Downbeat Magazine
Players Feature
October, 2005
JAMES FINN - Precipice of Wonder
By Frank-John Hadley
James Finn, the bold, rousing and fiercely individual tenor saxophonist who has ignited a two-alarm fire of "where’d-this-guy-come-from?" raves with his 2004 debut album Opening the Gates (Cadence) - and keeps on blazing with new releases Faith in a Seed (CIMP) and Plaza de Toros (Clean Feed), has his own improvisatory language.
“What I’m doing now is really one step beyond any kind of bop,” the New Yorker said, lounging on a bench in Central Park while a thunder storm rolled overhead. “If you study Charlie Parker as a saxophonist and then you go to post-bop and then you stay open-minded to everything that’s in the world, you eventually will arrive at what I’m doing in your own way."
“It’s free music," Finn continues, "but it’s not free because there’s so much structure. It has a blues root. I was walking the bar in Texas 20 years ago. It’s an amalgam of everything I’ve ever done.”
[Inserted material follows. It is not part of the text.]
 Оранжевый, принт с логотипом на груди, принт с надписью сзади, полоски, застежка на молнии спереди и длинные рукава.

The man's done a lot. He befriended and absorbed knowledge from JR Monterose, Benny Golson and Jimmy Heath. He’s shared bandstands with Sir Roland Hanna, Nick Brignola, Ben Harper and dozens more. He investigated harmolodics with Andrew Cyrille; travelled from Dallas saloons to London's Royal Albert Hall on to the Leningrad Center for Music.; and for more than a decade stuck to a grueling practice regimen.
Finn developed a system for learning improvisation based on a 12-tone approach. “I was playing ‘Giant Steps’ through the keys, working on it ferociously," he said, "If you can do that, you pretty much know all the buttons on the saxophone.”
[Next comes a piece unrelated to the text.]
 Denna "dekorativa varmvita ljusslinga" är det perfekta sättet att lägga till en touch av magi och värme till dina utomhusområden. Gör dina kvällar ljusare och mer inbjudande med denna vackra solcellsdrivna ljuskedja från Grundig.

Finn's woodshedding went hand in hand with spiritual enrichment, “I was getting into Egyptology more and more and I was also studying with a Lakota medicine man, doing vision-quests."
Using drawings, Finn assigned specific musical pitches to the sides of three famous pyramids. “You have all 12 tones and I found that by spinning these pyramids in different combinations with different notes that very exotic sounds come out that were filled with different kinds of energy.”
One day years back, Finn was practicing with typical abandon when he suddenly felt a supernatural force crashing through his head, “I heard a voice. It was telling me, ‘Go with this!’" Finn did as instructed, taking his vocabulary out of the private domain of self-seeking rehearsal into the light of public scrutiny.
In 2003, Finn made Opening the Gates and Plaza De Toros in his Upper West Side home studio, using his spontaneous compositional approach to spin melodies that interacted with the sonic urgencies of bassist bassist Dominic Duval and from drummers Whit Dickey and Warren Smith - the later whom he calls “the epitome of a jazz master.”
Finn took his tenor, soprano, and wood flute on local gigs with Smith and a second free-thinking drummer and recorded the performances for CDs that he releases on his own Gingko Leaf imprint.
Listening to Finn’s tenor reveals a special rapport with Charlie Parker - the ease of his phrasing, rhythmic variations, relaxed double-time and strength of his line. “I can’t stress enough how much of an influence Bird’s music had for me. JR told me back when I was first studying—Listen to Charlie Parker! But don’t copy his ideas!”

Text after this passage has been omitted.